There are two strategic implications worth underscoring.
- Platform neutrality: Kumo runs natively on both Databricks and Snowflake, an explicit nod to multi-platform realities. The winner will be the vendor that best governs those workloads inside its own semantic graph (eventually a 4-D graph if our vision holds).
- Democratization of prediction: Where BI answered what happened and metrics+dimensions began to address why, GNNs promise to commoditize what will happen and what should we do next? By binding Kumo pipelines to Unity Catalog, Databricks can keep that predictive context inside the same governed ontology that powers Genie and Lakeflow.
For years, enterprises have had solid tooling for understanding what happened, and increasingly why it happened. But prescriptive insight—action-oriented guidance that can trigger downstream workflows—has remained elusive. The promise of Kumo’s architecture is to push predictive analytics to the forefront, enabling both human users and agents to drive decisions directly into operational systems.
This model aligns with a broader shift toward open data and open application platforms. With the emergence of open table formats, new compute engines like Kumo’s GNN can now operate natively on governed data without requiring export, duplication, or vendor lock-in. That architecture opens the door to real innovation, particularly for platforms like Databricks that are trying to differentiate on data intelligence rather than just storage or compute.
Historically, building predictive systems like this took armies of data scientists—something that tech giants like Google and Facebook invested in at scale. But now, these capabilities are becoming accessible to a much broader set of organizations. Pre-trained models, coupled with graph-based learning, make it possible to bypass many of the labor-intensive steps that used to define data science.
If BI tools gave rise to the age of dashboards, this evolution marks the onset of the intelligent assistant era—where asking “what’s likely to happen?” is as easy as dragging a formula in a spreadsheet.
The strategic question now is whether Databricks can capitalize on this shift – either by deepening its partnerships with companies like Kumo or by embedding similar native capabilities within its own platform. The prize is meaningful because turning predictive insight into real-time, governed, operational action at enterprise scale has been a major hurdle for enterprises.
In addition, we believe that disruption potential here is significant. Traditional ML pipelines juggling hundreds of models and armies of data scientists could shrink to a conversational workflow. The question now is whether Databricks can weaponize partnerships like Kumo to turn predictive intelligence into yet another reinforcing spoke on its data-intelligence flywheel, before rivals replicate the same plug-and-play experience.

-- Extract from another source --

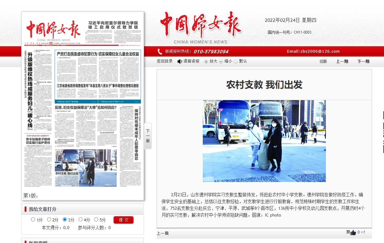 2月23日,山东beat365官方网站实习支教生整装待发,将赶赴农村中小学支教。beat365官方网站在做好防疫工作,确保学生安全的基础上,总结以往支教经验,对支教学生进行行前教育,规范特殊时期学生的支教工作和生活,752名支教生分赴庆云、宁津、平原、武城等8个县市区,136所中小学校及幼儿园支教点,开展历时4个月的实习支教,解决农村中小学师资短缺问题。对此中央级媒体《中国妇女报》头版对beat365官方网站开展支教活动予以报道,山东省新闻频道、大众日报、奏嘛新闻对支教过程予以报道。

ETR’s ML/AI Data Shows Snowflake Storming into Databricks Territory
Exhibit 10 below focuses on the ML/AI sector, where Snowflake has been traditionally been weaker. But as the data shows, the company has shored up its position because it focused on closing the gap and it has quality data in its platform to which customers can apply ML/AI.

The diagram shows the same XY axis as before – Overlap or penetration in the data set X Net Score or spending momentum. The point of the slide is that Snowflake wasn’t even registered in the data set back in January 2023. Today its position is above the 40% mark on the vertical axis and its penetration is greater than that of Databricks, which has had great success in the space.
Messages in the data
- Mutual encroachment is real. Databricks made headlines by muscling into warehouse economics; Snowflake is paying that back in the AI/ML arena. A year after first registering in this sector, Snowflake posts a 46 % Net Score—comfortably elevated, with penetration now edging past Databricks.
- Democratized data science is the next battleground. Both vendors want to collapse the historical gap between BI analysts and data-science specialists. If predictive ML becomes as ubiquitous as dashboards, the payback is the System-of-Intelligence real estate that dictates “what will happen” and “what should we do next.”
- Collision course broadens beyond two players. ServiceNow, Salesforce, Palantir, and future SaaS insurgents are also racing to own that SoI layer. We believe the vendor that blends governed semantics, low-friction ML, and agentic automation will be in a strong position for the next platform shift.
Implications
Snowflake’s surge validates the thesis that customers will straddle multiple clouds and analytic engines, choosing best-of-breed capabilities on a workload-by-workload basis; and choosing the best strategic fit. The fight from there moves up-stack, from who stores the data to who owns the meaning and predictive context. Databricks still holds the momentum edge, but Snowflake’s rapid entry proves the moat is penetrable. The winner will be the first to deliver a turnkey path from raw tables to governed semantics to predictive guidance, then loop that insight back into operational workflows without leaving the platform.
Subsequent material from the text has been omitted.